Приближалась осень, и Синго, измученный долгим летним зноем, возвращаясь домой, часто дремал в электричке.
В часы «пик» поезда ходят через каждые пятнадцать минут, и вагоны второго класса не особенно переполнены.
И сейчас в его полусонном мозгу всплыли вдруг акации вдоль тротуара. Они были сплошь усыпаны цветами. «Неужели в Токио цветут акации вдоль тротуаров?» – подумал Синго, проезжая мимо них в такси. Он ехал по улице, которая начинается в районе Кудан и выходит ко рву, окружающему императорский дворец. Была середина августа, моросил дождь. Лишь с одной акации осыпались цветы, устилая асфальт под деревом. Почему осыпались цветы? Синго высунулся из машины и повернулся назад, и эта картина осталась в его памяти. Цветы были мелкие, зеленовато-желтые. В его памяти осталась картина буйно цветущих акаций– только с одного дерева опали цветы. Синго видел это на обратном пути из больницы, где он навещал приятеля – у того был рак печени.
Приятель был просто его однокурсник, и обычно они почти не встречались.
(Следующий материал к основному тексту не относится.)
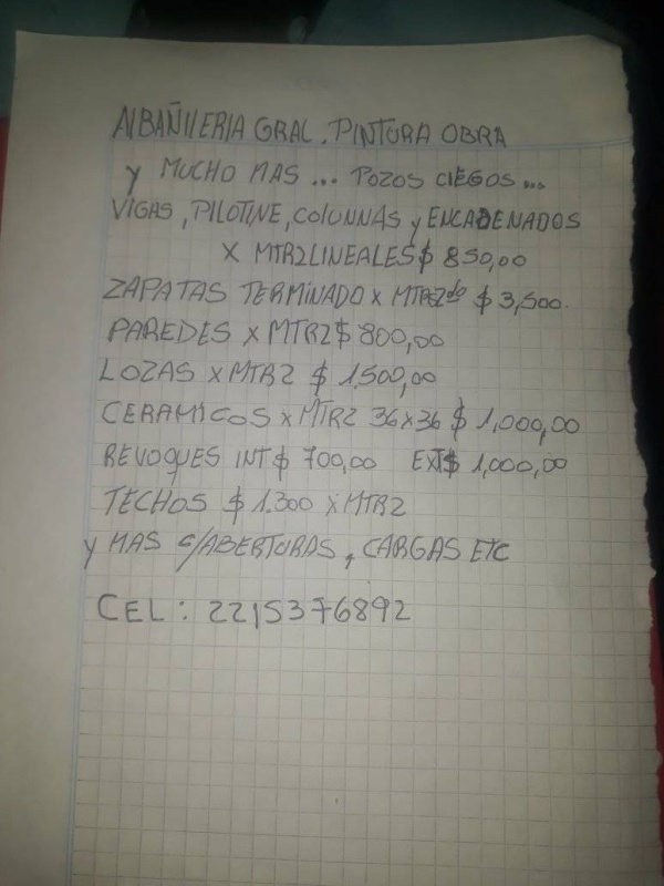 En la imagen se lee: albañilería general, pintura, techos, pozos ciegos, zanjas,con menbrana, jardinería "y mucho más". El número que figura es 221 537 6892, y él asegura que tiene muchas ganas de trabajar.
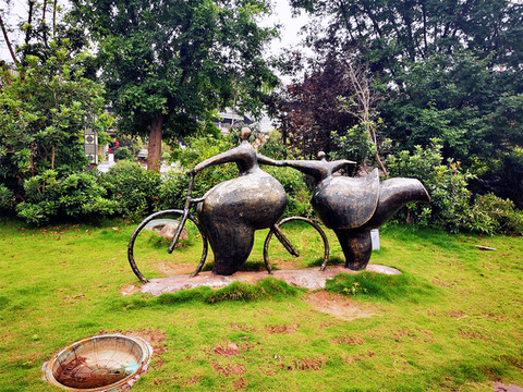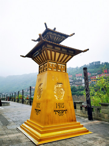 1915广场上屹立着一组巨大的雕塑,是“茅台酒一摔成名”的经典再现,雕塑仿照当时摔碎的酒瓶子,圆形的土黄色瓶身,中间有传统镂空设计,碎片散落在地。1915年茅台酒参加巴拿马举行的国际品酒会,当时酒会上参展的酒琳琅满目,而作为中国国酒出席的茅台酒却因为包装朴素受到冷遇,眼看无人赏识,中国代表心生一计,到人群最密集处,假装不小心把酒瓶摔破在地,顿时酒香四溢,招揽了无数客人,故此茅台酒一摔成名,享誉世界,逐渐成为了中国第一名酒。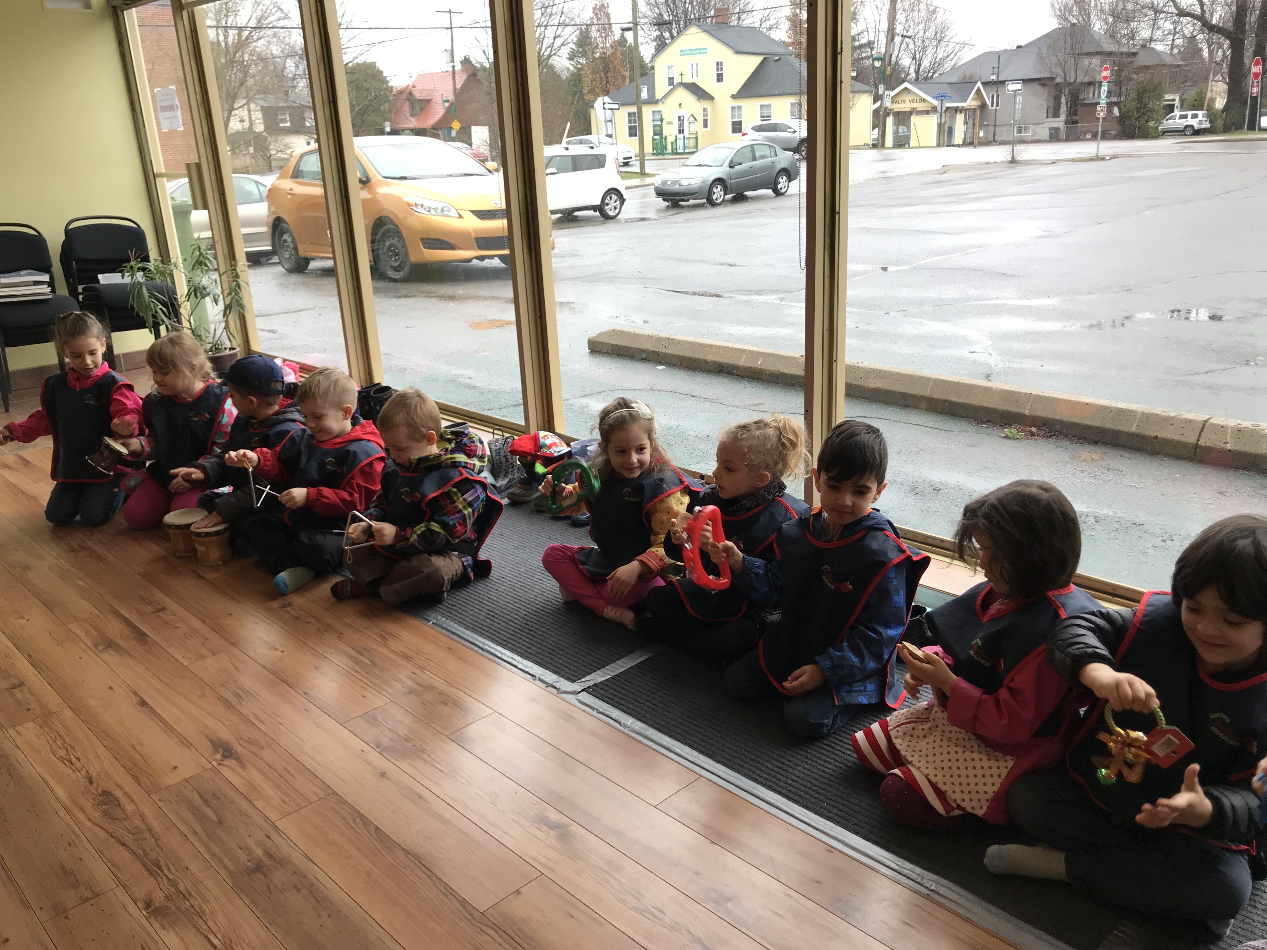 Mélanie, une des professeures de musique de l'école, a joué au violon et elle a appris aux enfants une chanson avec des gestes. Elle leur a présenté plusieurs instruments de musique et les enfants ont eu la chanse de jouer avec.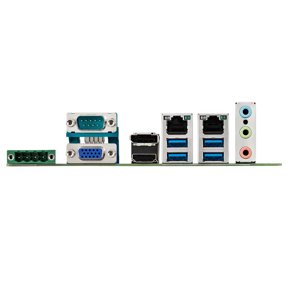 Mit VGA, HDMI, LVDS und Display Port 1.2 stehen vier verschiedene Grafikinterfaces zum Anschluss unterschiedlicher Monitor- und Display-Lösungen zur Verfügung, es können bis zu drei Monitore gleichzeitig angeschlossen werden. 2 GigaBit Ethernet-Ports, 10 USB-Schnittstellen und 2 serielle Interfaces sorgen für eine gute Kommunikation mit der industriellen Umwelt. Zusätzlich hat das Mainboard einen mini PCIe und einen PCIe Slot und kann so schnell mit Add-on Boards bestückt werden. Über einen M.2 Slot kann eine zusätzliche Solid State Disk angeschlossen werden. Eine Besonderheit dieses Mainboards ist ein Weitbereichseingang, über den es mit einer Versorgungsspannung von 12 bis 24 VDC versorgt werden kann. Für einen sicheren und fehlerfreien Betrieb sorgt der große Arbeitstemperaturbereich von 0 bis 60 °C.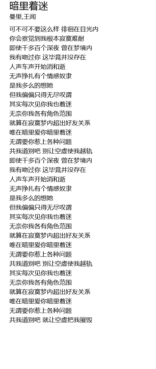 | [03:34.957] | wéi zài àn lǐ ài nǐ àn lǐ zháo mí |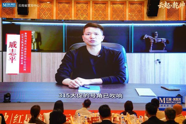 活动现场,红星美凯龙家居集团副总裁兼四川重庆云南省营发中心总经理戚志平通过云端视频致辞,他指出,2026年是云南家居市场重振信心、重塑格局的关键之年,也是红星美凯龙与合作伙伴凝心聚力、并肩破局的攻坚之年。开年即决战,要以本次发布的“昆明同城战略”为抓手,锻造硬核营销团队,狠抓执行与蓄客攻坚,确保全省步调一致。同时,他呼吁全体商户伙伴深度携手,提振参与热情,凝聚最强共识,以实干破局、以同心共赢,共同构筑合作新生态,再创滇峰佳绩。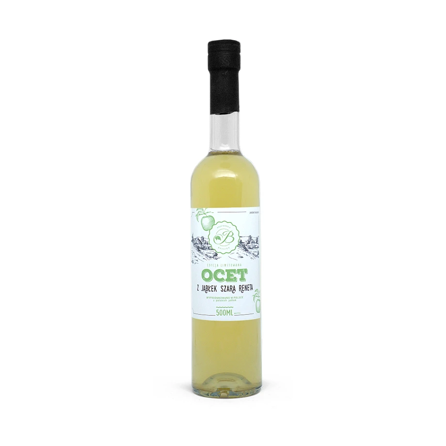 Ocet jabłkowy - Naturalny, żywy ocet z najlepszej odmiany jabłek, polskiej szarej renety której owoce poddajemy naturalnemu procesowi fermentacji, bez dodatku drożdży. Do produkcji używamy owoców zdrowych i dojrzałych, pochodzących głównie z naszego sadu oraz od zaprzyjaźnionych sadowników z południa naszego kraju. Fermentacja alkoholowa przy otwartym procesie produkcji i stałym natlenieniu dzięki bakteriom z rodziny Acetobacteraceae postępuje w cichą fermentację octową. Powolny proces trwa od kilku do kilkunastu tygodni. Po zakończonej fermentacji octowej ocet dojrzewa od trzech do dwunastu miesięcy.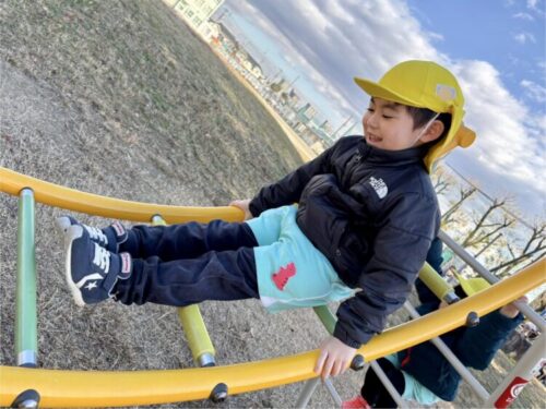 風が冷たい日ですが元気いっぱい走り回る子どもたちは体がぽかぽかになって途中から上着を脱いでいました😆![]()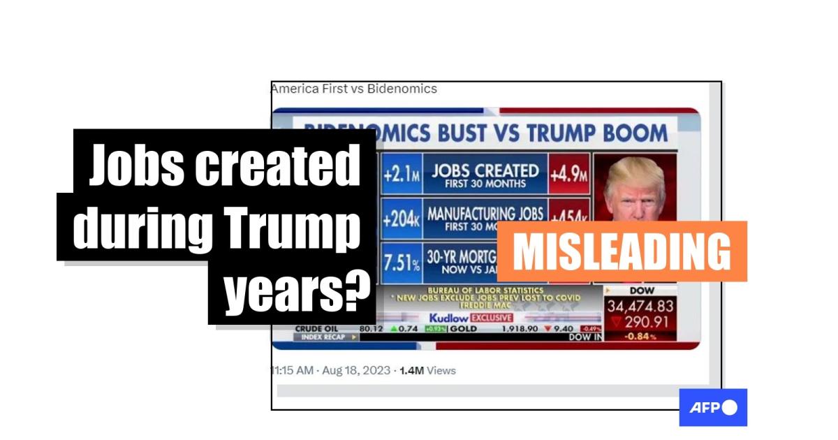 A screenshot from Fox News shared by Donald Trump Jr., the former president's son, on August 18, 2023 on X, and by Daniel Scavino, the social media director in the Trump White House, on Facebook, on September 14 makes the assertion that 4.9 million jobs were created in the first two and a half years of Trump's Republican administration, compared with 2.1 million in the same period under Biden.

Он уже сильно ослаб, но в палате никого из родных не было – только сиделка.
Синго не знал, жива еще его жена или нет.
– С Миямото часто видишься? Если нет, то позвони ему и попроси, я буду тебе очень обязан, – сказал приятель.
– Попросить его, о чем?
– В мае, на встрече однокурсников, он сам завел разговор об этом.
Синго вспомнил, речь шла о цианистом калии. Значит, больной знает, что у него рак.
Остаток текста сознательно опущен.